Then running it in the venv:
!my_env/bin/python translate_model.py


Step 7 - Optimizing script:

with open("optimize_model.py", "w") as f:
    f.write("""
import os
from hailo_sdk_client import ClientRunner

# Define your model's HAR file name
model_name = "paddleOCR_renamed"
hailo_model_har_name = f"{model_name}_hailo_model.har"

# Ensure the HAR file exists
assert os.path.isfile(hailo_model_har_name), "Please provide a valid path for the HAR file"

# Initialize the ClientRunner with the HAR file
runner = ClientRunner(har=hailo_model_har_name)

# Define the model script to reduce global average pooling spatial dimensions
model_script = \"\"\"
normalization = normalization([0.0, 0.0, 0.0], [255.0, 255.0, 255.0])
pre_quantization_optimization(global_avgpool_reduction, layers=avgpool1, division_factors=[2, 2])
pre_quantization_optimization(global_avgpool_reduction, layers=avgpool2, division_factors=[2, 2])
pre_quantization_optimization(global_avgpool_reduction, layers=avgpool9, division_factors=[2, 2])
pre_quantization_optimization(global_avgpool_reduction, layers=avgpool10, division_factors=[4, 4])

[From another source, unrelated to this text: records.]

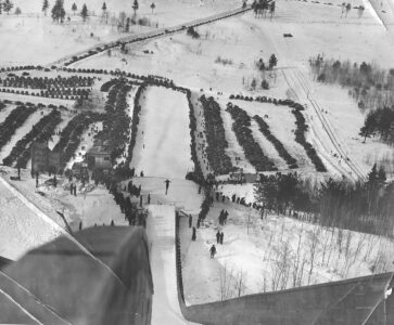 A view from the top of the Pine Mountain ski jump is shown during a 1940s event. The Kiwanis Ski Club has hosted world-class competitions at Pine Mountain since 1939. This year’s FIS Continental Cup tournament is set for Feb. 20-22. Buttons are available online at www.kiwanisskiclub.com. Sanford Health Marshfield Clinic is the title sponsor. (Photo provided by the Menominee Range Historical Museum in Iron Mountain)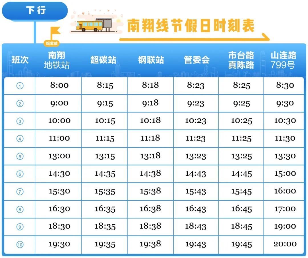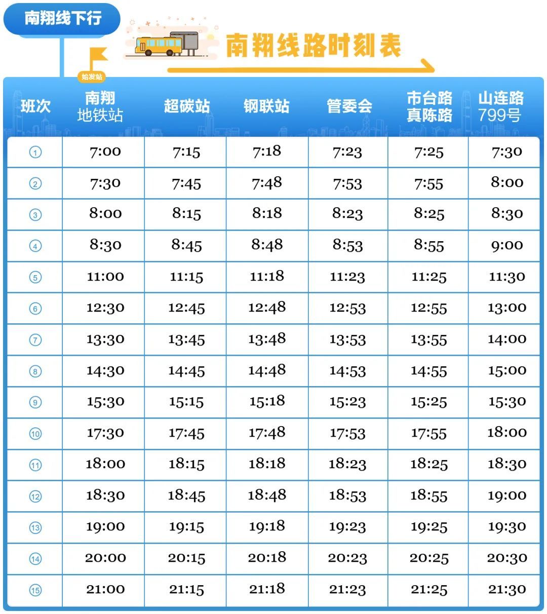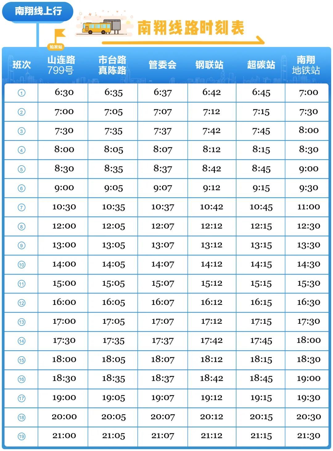 新开设的南翔线用以接驳园区企业、居民区与轨道交通11号线南翔地铁站,以山连路799号为起点至11号线南翔站,共设6个站点。线路主要途径广川、管委会、临港、钢联、超碳、科勒等企业,共设置30个班次,线路总长约18公里,单程约45分钟,班次安排隔时间为30分一班。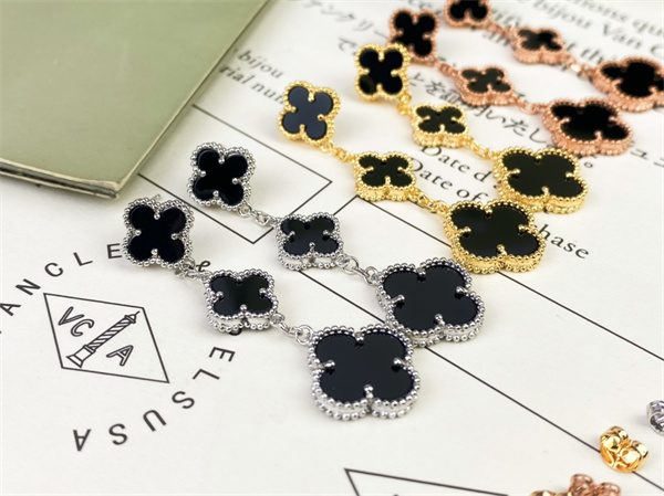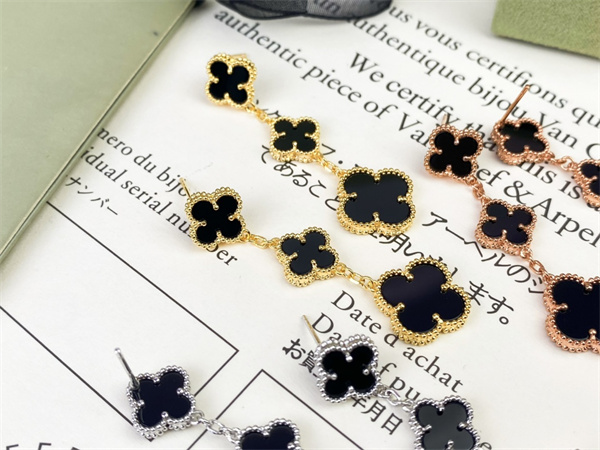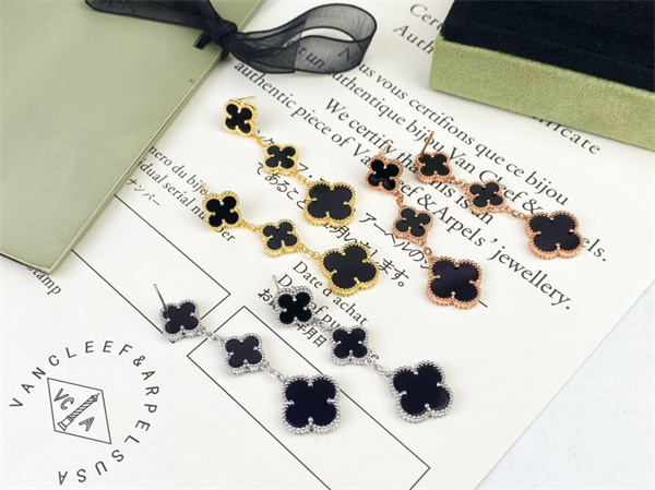van cleef & arpels ヴァンクリーフ ピアスコピー激安3色人気ランキング2025トレンド最新VCAアクセサリーヴァンクリーフ ピアスコピー幸運を象徴する四つ葉のクローバーをモチーフにしたエレガントなロングピアス。ブラックオニキス調のモチーフが上品な輝きを放ち、フェミニンで洗練された印象を与えます。3連のデザインが顔周りをすっきりと見せ、動くたびに優しく揺れて華やかさをプラス。

performance_param(compiler_optimization_level=max)
\"\"\"

# Load the model script into the ClientRunner
runner.load_model_script(model_script)

# Define a calibration dataset
# Replace '/content/processed_calibration_data.npy' with your actual dataset path
calib_dataset = "/content/paddleocr_calibration_data_1024_255.npy"
assert os.path.exists(calib_dataset), "Calibration dataset not found!"

# Perform optimization with the calibration dataset
runner.optimize(calib_dataset)

# Save the optimized model to a new Quantized HAR file
quantized_model_har_path = f"{model_name}_quantized_model.har"
runner.save_har(quantized_model_har_path)

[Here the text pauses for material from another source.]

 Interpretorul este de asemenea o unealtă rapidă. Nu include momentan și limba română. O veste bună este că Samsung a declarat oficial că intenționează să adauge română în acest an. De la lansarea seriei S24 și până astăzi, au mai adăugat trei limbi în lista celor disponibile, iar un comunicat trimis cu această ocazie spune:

print(f"Quantized HAR file saved to: {quantized_model_har_path}")
    """)

Then running it:
!my_env/bin/python optimize_model.py

Step 8 - Compilation:

with open("compile_model.py", "w") as f:
    f.write("""
from hailo_sdk_client import ClientRunner
import os

# Define the quantized model HAR file
model_name = "paddleOCR_renamed"
quantized_model_har_path = f"{model_name}_quantized_model.har"
output_directory = "/content/paddle_output"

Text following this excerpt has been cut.